3 Model Problem-Based Instruction
    Problem-based instruction adalah model pembelajaran yang berlandaskan paham konstruktivistik yang mengakomodasi keterlibatan siswa dalam belajar dan pemecahan masalah otentik.

4 Model Pembelajaran Perubahan Konseptual
    Pengetahuan yang telah dimiliki oleh seseorang sesungguhnya berasal dari pengetahuan yang secara spontan diperoleh dari interaksinya dengan lingkungan.Sementara pengetahuan baru dapat bersumber dari intervensi di sekolah yang keduanya bisa konflik, kongruen, atau masing-masing berdiri sendiri. Dalam kondisi konflik kognitif, siswa dihadapkan pada tiga pilihan, yaitu:
(1) mempertahankan intuisinya semula,
(2) merevisi sebagian intuisinya melalui proses asimilasi, dan
(3) merubah pandangannya yang bersifat intuisi tersebut dan mengakomodasikan pengetahuan baru.

5 Model Group Investigation
         Ide model pembelajaran group investigation bermula dari perpsektif filosofis terhadap konsep belajar. Untuk dapat belajar, seseorang harus memiliki pasangan atau teman. Model pembelajaran mengacu pada pendekatan pembelajaran yang akan digunakan, termasuk di dalamnya tujuan-tujuan pembelajaran (kompetensi pembelajaran), dan pengelolaan kelas.

IV. Fungsi Model Pembelajaran
        Fungsi model pembelajaran adalah sebagai pedoman perancangan dan pelaksanaan pembelajaran. Karena itu, pemilihan model sangat dipengaruhi oleh sifat dari materi yang akan dibelajarkan, tujuan (kompetensi) yang akan dicapai dalam pembelajaran tersebut, serta tingkat kemampuan peserta didik.

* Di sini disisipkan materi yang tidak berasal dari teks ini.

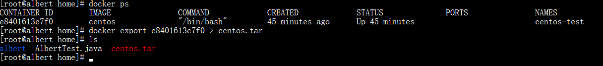 docker export 容器id > centos.tar # 导出容器 快照到本地文件 centos.tar
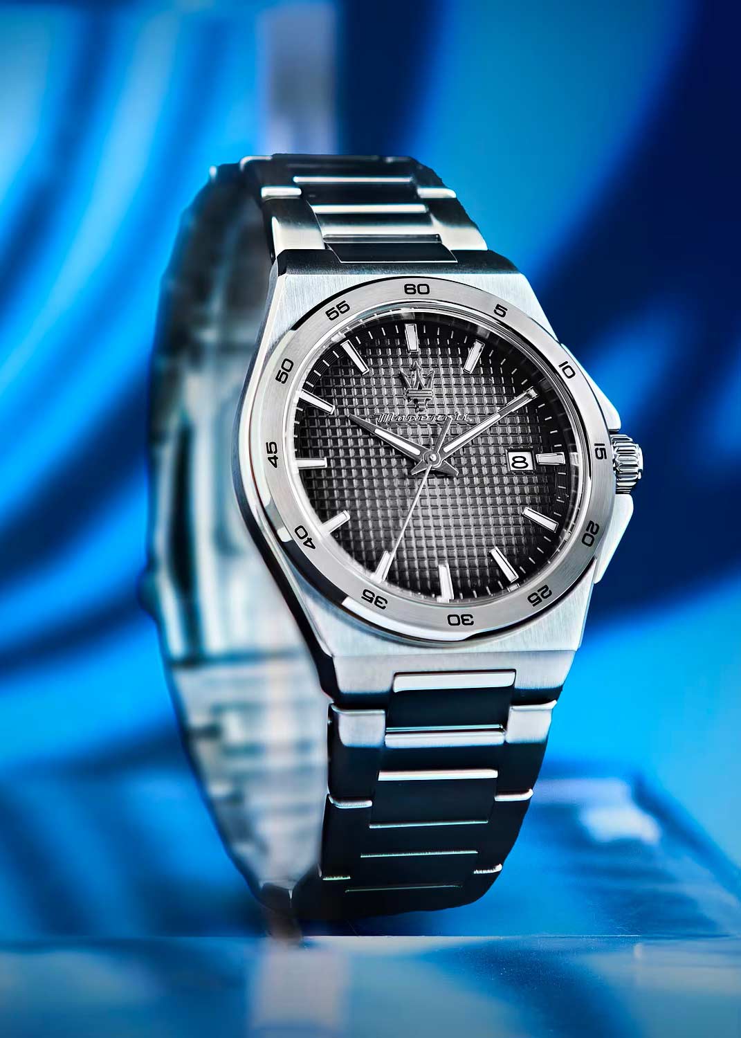 Метки в виде штрихов. Окошко даты находится в положении 3 часа. Рифленая заводная головка с защитой. Браслет с раскладывающейся застежкой.

V. Ciri Model Pembelajaran
        Suatu rancangan pembelajaran atau rencana pembelajaran disebut menggunakan model pembelajaran apabila mempunyai empat ciri khusus, yaitu
(a)  rasional teoretik yang logis yang disusun oleh penciptanya atau pengembangnya,
(b) landasan pemikiran tentang apa dan bagaimana siswa belajar (tujuan pembelajaran yang akan dicapai),
(c) tingkah laku yang diperlukan agar model tersebut dapat dilaksanakan secara berhasil, dan
(d)  lingkungan belajar yang diperlukan agar tujuan pembelajaran itu dapat tercapai.
         Selain itu model pembelajaran akan memuat antara lain:
(a) deskripsi lingkungan belajar,
(b) pendekatan, metode, teknik, dan strategi,
(c) manfaat pembelajaran,
(d) materi pembelajaran (kurikulum),
(e) media, dan
(f) desain

(Dari berbagai sumber)

Demikianlah pembahasan untuk metode pembelajaran. Semoga bermanfaat. Amin.